== Information supplied ==
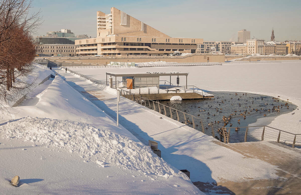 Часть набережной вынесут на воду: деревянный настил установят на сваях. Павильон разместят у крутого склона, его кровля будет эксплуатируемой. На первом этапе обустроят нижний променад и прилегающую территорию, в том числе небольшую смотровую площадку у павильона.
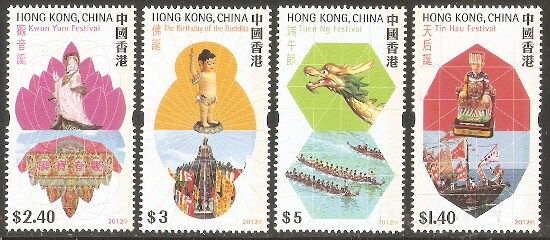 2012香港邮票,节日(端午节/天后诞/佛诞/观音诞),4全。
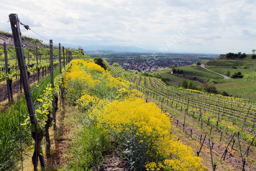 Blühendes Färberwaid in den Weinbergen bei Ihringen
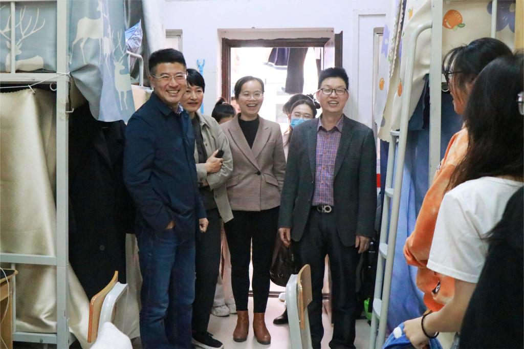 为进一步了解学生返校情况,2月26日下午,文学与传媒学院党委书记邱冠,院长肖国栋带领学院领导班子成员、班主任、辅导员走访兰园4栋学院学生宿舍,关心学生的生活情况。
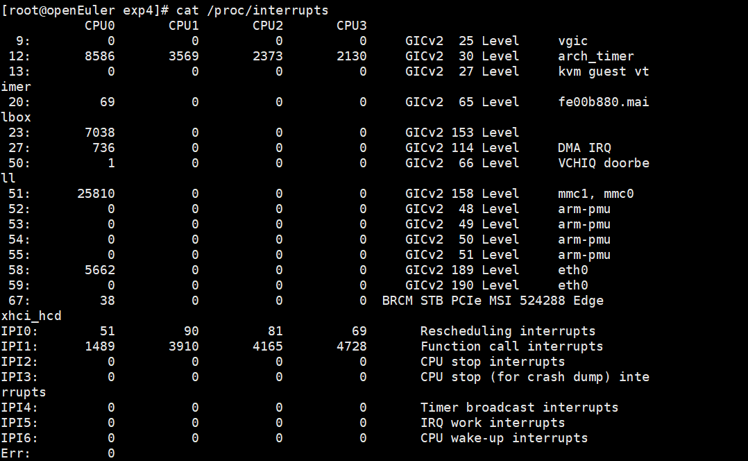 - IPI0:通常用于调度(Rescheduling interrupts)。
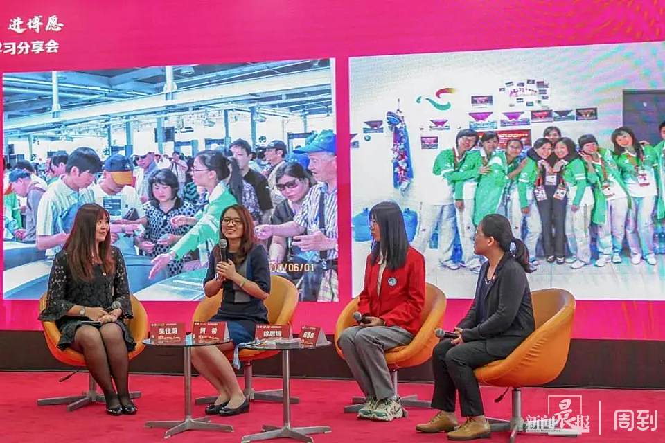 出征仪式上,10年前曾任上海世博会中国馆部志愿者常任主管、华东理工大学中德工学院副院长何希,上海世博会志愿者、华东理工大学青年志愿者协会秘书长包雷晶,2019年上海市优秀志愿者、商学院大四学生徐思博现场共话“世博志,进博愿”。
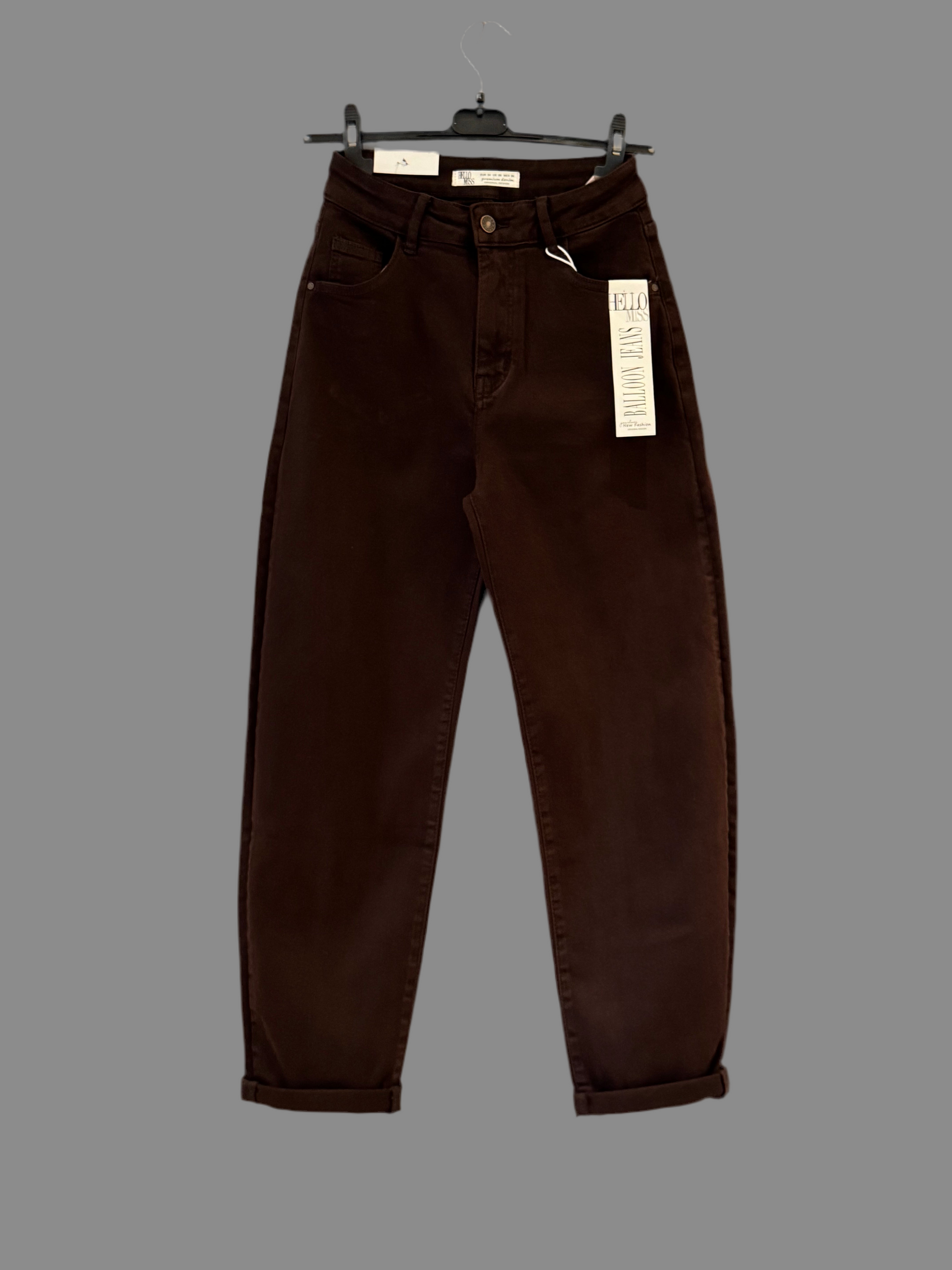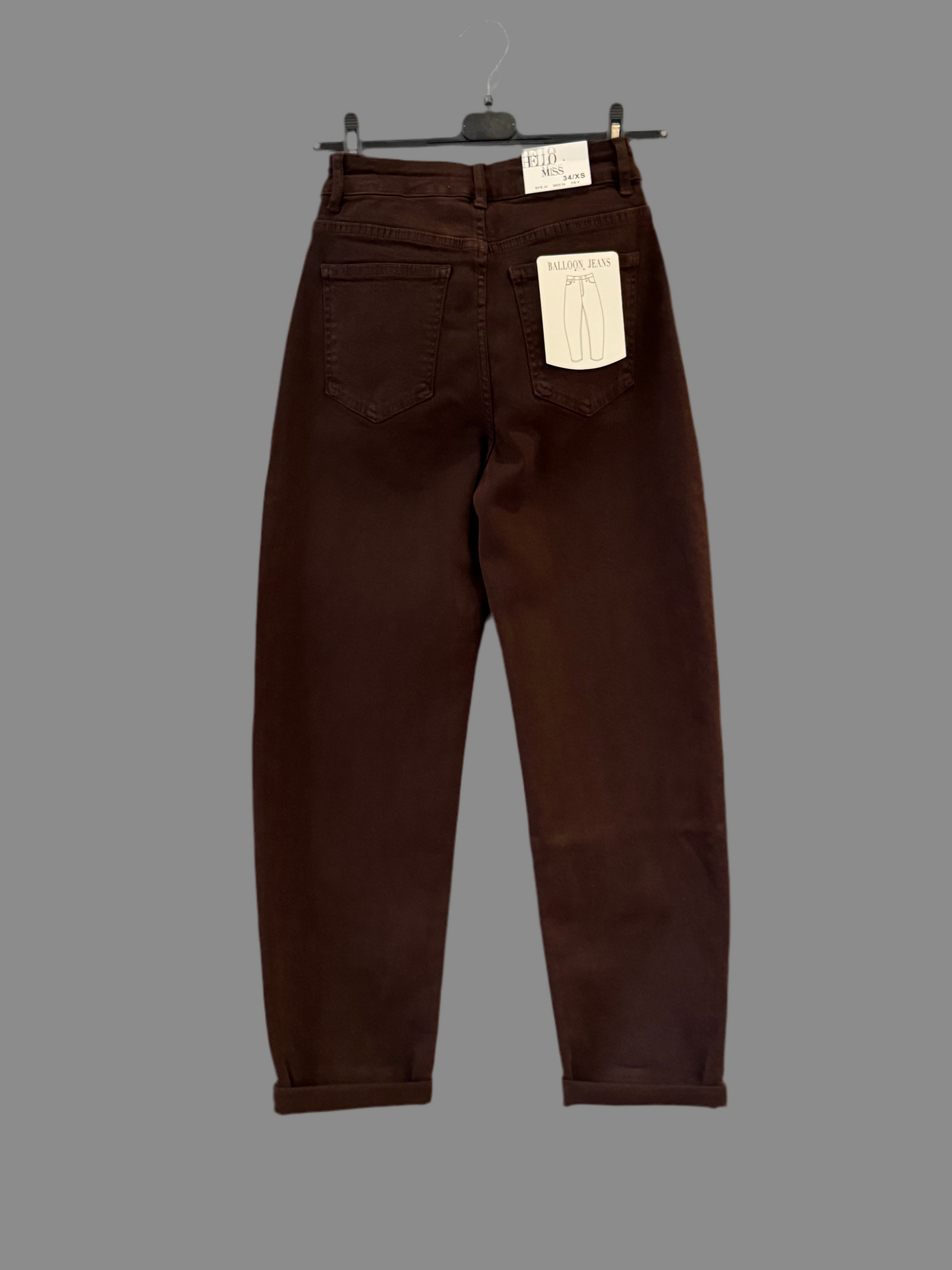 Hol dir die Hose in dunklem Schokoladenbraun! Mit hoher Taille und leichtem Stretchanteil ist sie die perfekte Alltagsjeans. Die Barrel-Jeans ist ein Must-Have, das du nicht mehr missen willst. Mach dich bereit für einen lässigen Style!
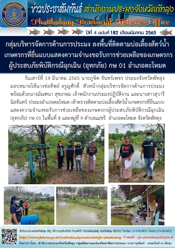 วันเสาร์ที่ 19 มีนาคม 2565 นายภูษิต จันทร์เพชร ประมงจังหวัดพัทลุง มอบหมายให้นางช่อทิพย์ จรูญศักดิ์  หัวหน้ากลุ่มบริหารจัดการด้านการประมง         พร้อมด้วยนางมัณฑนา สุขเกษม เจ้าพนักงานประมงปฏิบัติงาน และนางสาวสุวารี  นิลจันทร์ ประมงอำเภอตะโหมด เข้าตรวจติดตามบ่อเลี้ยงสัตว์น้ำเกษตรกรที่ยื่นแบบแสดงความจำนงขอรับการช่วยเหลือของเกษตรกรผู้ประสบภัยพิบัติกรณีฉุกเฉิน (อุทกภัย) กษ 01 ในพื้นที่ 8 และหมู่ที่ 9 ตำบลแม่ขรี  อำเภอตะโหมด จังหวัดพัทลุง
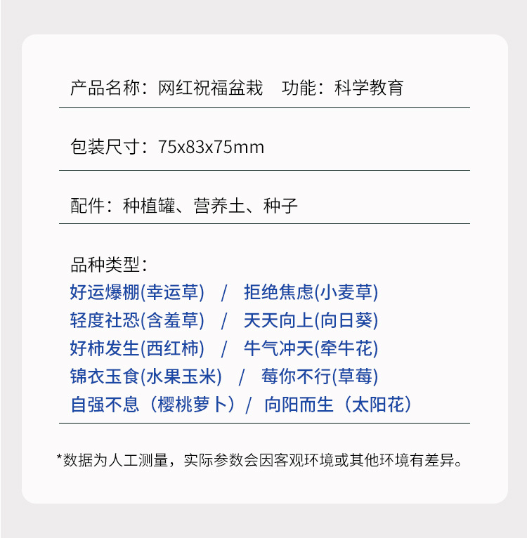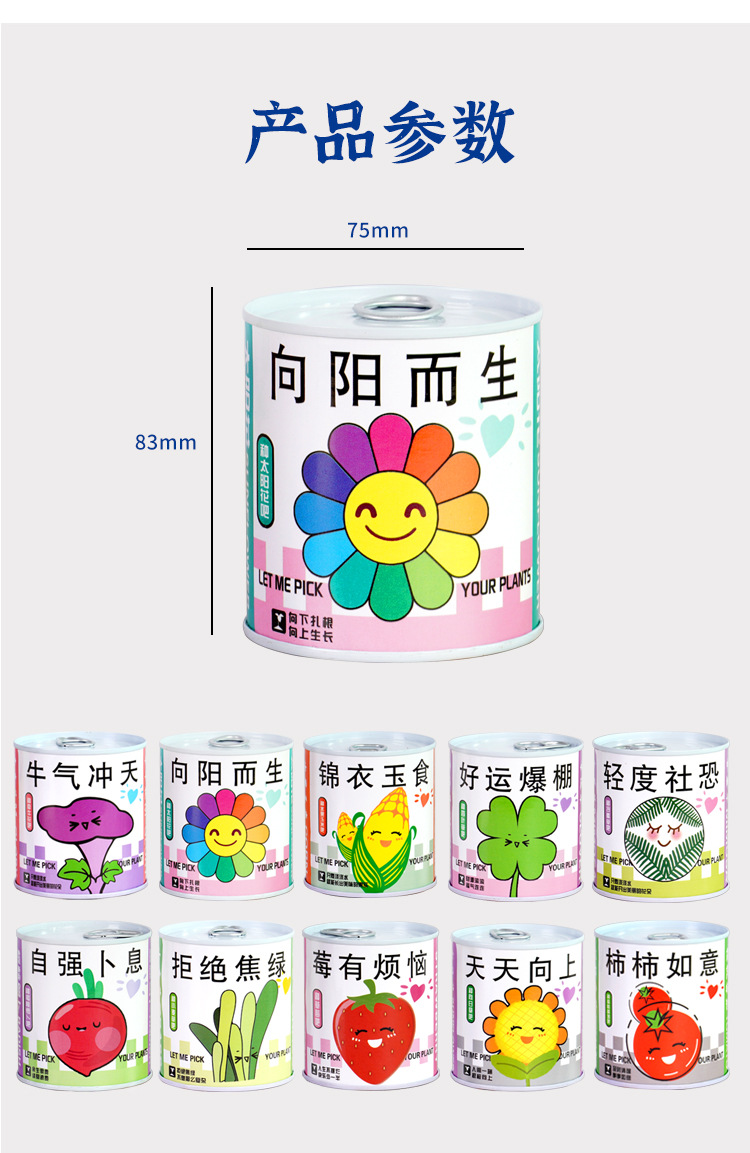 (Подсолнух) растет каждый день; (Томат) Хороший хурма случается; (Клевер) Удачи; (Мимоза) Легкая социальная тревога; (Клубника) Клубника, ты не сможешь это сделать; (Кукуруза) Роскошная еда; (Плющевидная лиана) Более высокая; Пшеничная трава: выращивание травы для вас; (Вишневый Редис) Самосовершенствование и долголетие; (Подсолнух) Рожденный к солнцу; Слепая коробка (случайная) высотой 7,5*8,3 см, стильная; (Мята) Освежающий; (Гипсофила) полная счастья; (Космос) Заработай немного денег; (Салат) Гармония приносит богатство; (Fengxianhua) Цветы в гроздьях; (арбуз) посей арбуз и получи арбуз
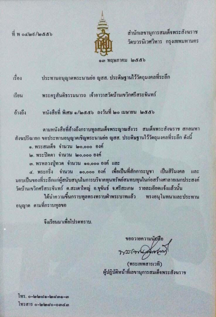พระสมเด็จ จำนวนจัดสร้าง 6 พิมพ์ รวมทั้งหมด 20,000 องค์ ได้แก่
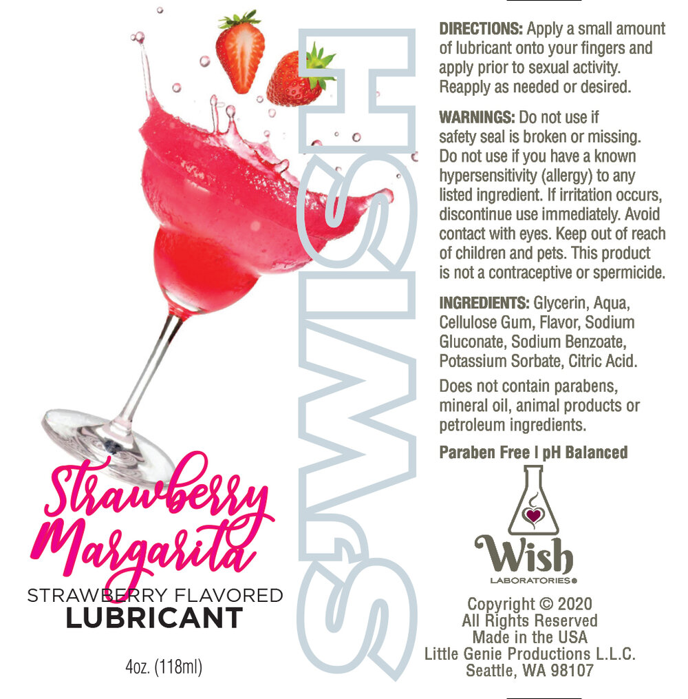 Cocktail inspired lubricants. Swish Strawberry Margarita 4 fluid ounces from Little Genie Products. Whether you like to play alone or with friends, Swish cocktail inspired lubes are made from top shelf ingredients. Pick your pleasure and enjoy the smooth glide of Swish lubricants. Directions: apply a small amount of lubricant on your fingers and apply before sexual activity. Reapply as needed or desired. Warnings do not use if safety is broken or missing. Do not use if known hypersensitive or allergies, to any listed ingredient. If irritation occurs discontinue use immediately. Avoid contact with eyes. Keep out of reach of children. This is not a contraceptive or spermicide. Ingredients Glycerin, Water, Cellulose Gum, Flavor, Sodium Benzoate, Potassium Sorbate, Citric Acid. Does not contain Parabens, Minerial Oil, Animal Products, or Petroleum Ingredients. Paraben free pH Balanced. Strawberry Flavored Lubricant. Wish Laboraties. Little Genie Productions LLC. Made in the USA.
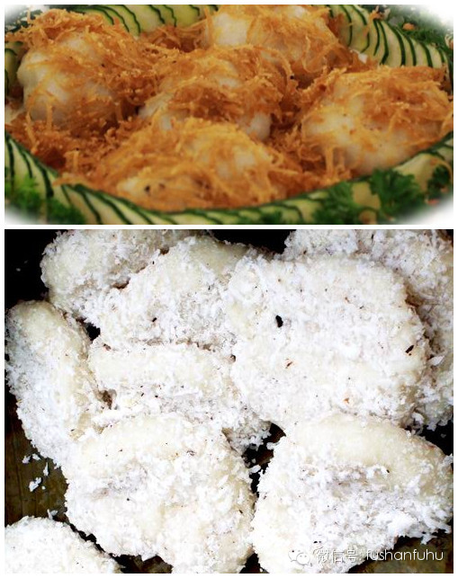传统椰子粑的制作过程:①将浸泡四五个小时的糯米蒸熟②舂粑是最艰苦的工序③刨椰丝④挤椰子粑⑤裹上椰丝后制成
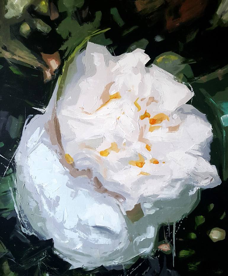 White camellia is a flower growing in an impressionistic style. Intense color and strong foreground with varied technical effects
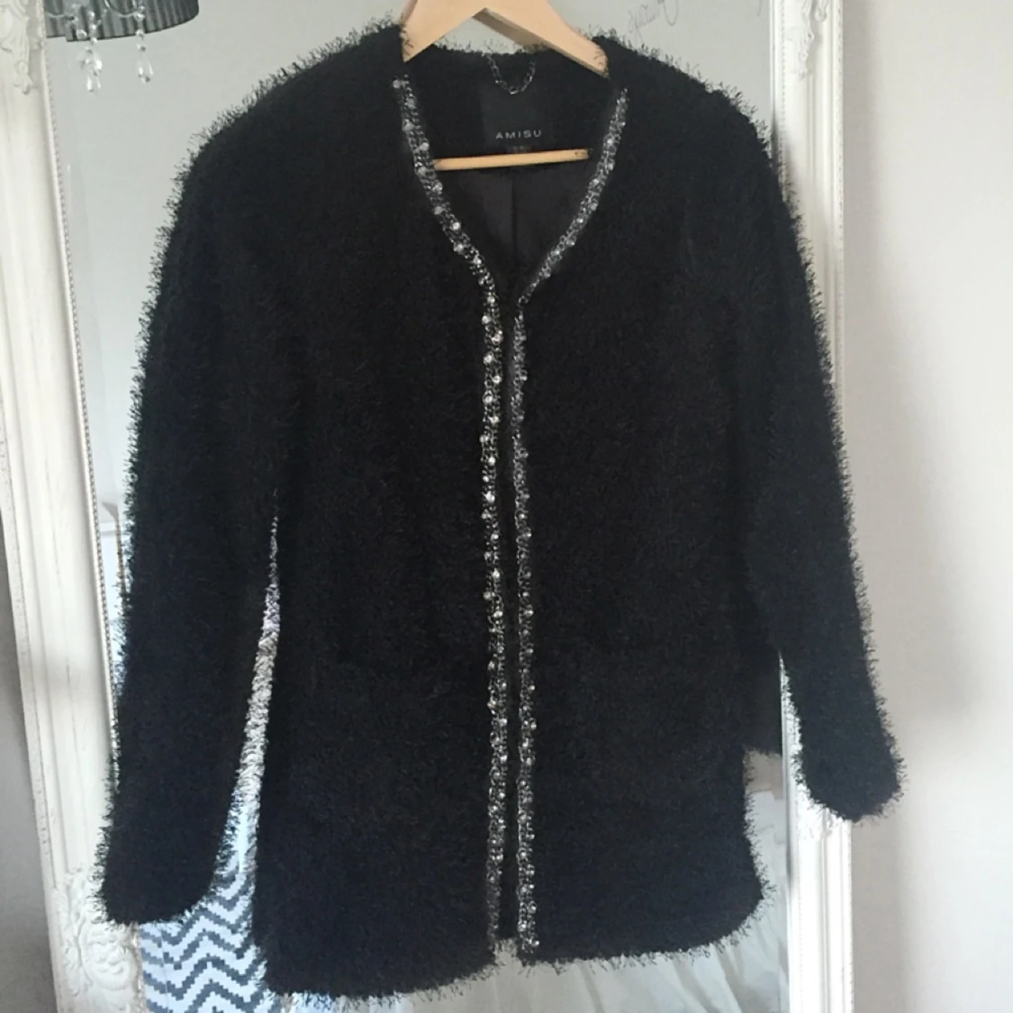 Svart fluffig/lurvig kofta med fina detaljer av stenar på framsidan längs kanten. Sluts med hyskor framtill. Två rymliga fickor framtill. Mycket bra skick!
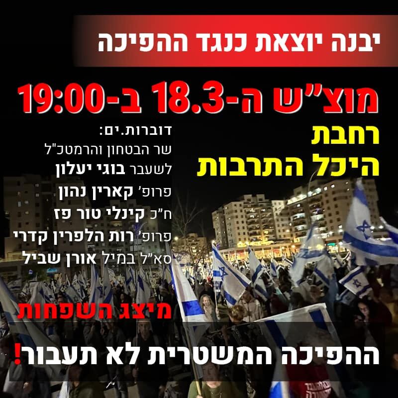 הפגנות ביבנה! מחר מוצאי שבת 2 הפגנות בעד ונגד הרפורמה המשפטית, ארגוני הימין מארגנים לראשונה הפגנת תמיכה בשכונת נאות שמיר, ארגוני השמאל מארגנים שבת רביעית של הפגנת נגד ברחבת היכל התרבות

== What to produce ==
Beginning with the first line of the records above, extract each line exactly through the line that holds "พระสมเด็จ จำนวนจัดสร้าง 6", both ends included. Omit pictures.

== Solution to this task ==
 Часть набережной вынесут на воду: деревянный настил установят на сваях. Павильон разместят у крутого склона, его кровля будет эксплуатируемой. На первом этапе обустроят нижний променад и прилегающую территорию, в том числе небольшую смотровую площадку у павильона.
 2012香港邮票,节日(端午节/天后诞/佛诞/观音诞),4全。
 Blühendes Färberwaid in den Weinbergen bei Ihringen
 为进一步了解学生返校情况,2月26日下午,文学与传媒学院党委书记邱冠,院长肖国栋带领学院领导班子成员、班主任、辅导员走访兰园4栋学院学生宿舍,关心学生的生活情况。
 - IPI0:通常用于调度(Rescheduling interrupts)。
 出征仪式上,10年前曾任上海世博会中国馆部志愿者常任主管、华东理工大学中德工学院副院长何希,上海世博会志愿者、华东理工大学青年志愿者协会秘书长包雷晶,2019年上海市优秀志愿者、商学院大四学生徐思博现场共话“世博志,进博愿”。
 Hol dir die Hose in dunklem Schokoladenbraun! Mit hoher Taille und leichtem Stretchanteil ist sie die perfekte Alltagsjeans. Die Barrel-Jeans ist ein Must-Have, das du nicht mehr missen willst. Mach dich bereit für einen lässigen Style!
 วันเสาร์ที่ 19 มีนาคม 2565 นายภูษิต จันทร์เพชร ประมงจังหวัดพัทลุง มอบหมายให้นางช่อทิพย์ จรูญศักดิ์  หัวหน้ากลุ่มบริหารจัดการด้านการประมง         พร้อมด้วยนางมัณฑนา สุขเกษม เจ้าพนักงานประมงปฏิบัติงาน และนางสาวสุวารี  นิลจันทร์ ประมงอำเภอตะโหมด เข้าตรวจติดตามบ่อเลี้ยงสัตว์น้ำเกษตรกรที่ยื่นแบบแสดงความจำนงขอรับการช่วยเหลือของเกษตรกรผู้ประสบภัยพิบัติกรณีฉุกเฉิน (อุทกภัย) กษ 01 ในพื้นที่ 8 และหมู่ที่ 9 ตำบลแม่ขรี  อำเภอตะโหมด จังหวัดพัทลุง
 (Подсолнух) растет каждый день; (Томат) Хороший хурма случается; (Клевер) Удачи; (Мимоза) Легкая социальная тревога; (Клубника) Клубника, ты не сможешь это сделать; (Кукуруза) Роскошная еда; (Плющевидная лиана) Более высокая; Пшеничная трава: выращивание травы для вас; (Вишневый Редис) Самосовершенствование и долголетие; (Подсолнух) Рожденный к солнцу; Слепая коробка (случайная) высотой 7,5*8,3 см, стильная; (Мята) Освежающий; (Гипсофила) полная счастья; (Космос) Заработай немного денег; (Салат) Гармония приносит богатство; (Fengxianhua) Цветы в гроздьях; (арбуз) посей арбуз и получи арбуз
พระสมเด็จ จำนวนจัดสร้าง 6 พิมพ์ รวมทั้งหมด 20,000 องค์ ได้แก่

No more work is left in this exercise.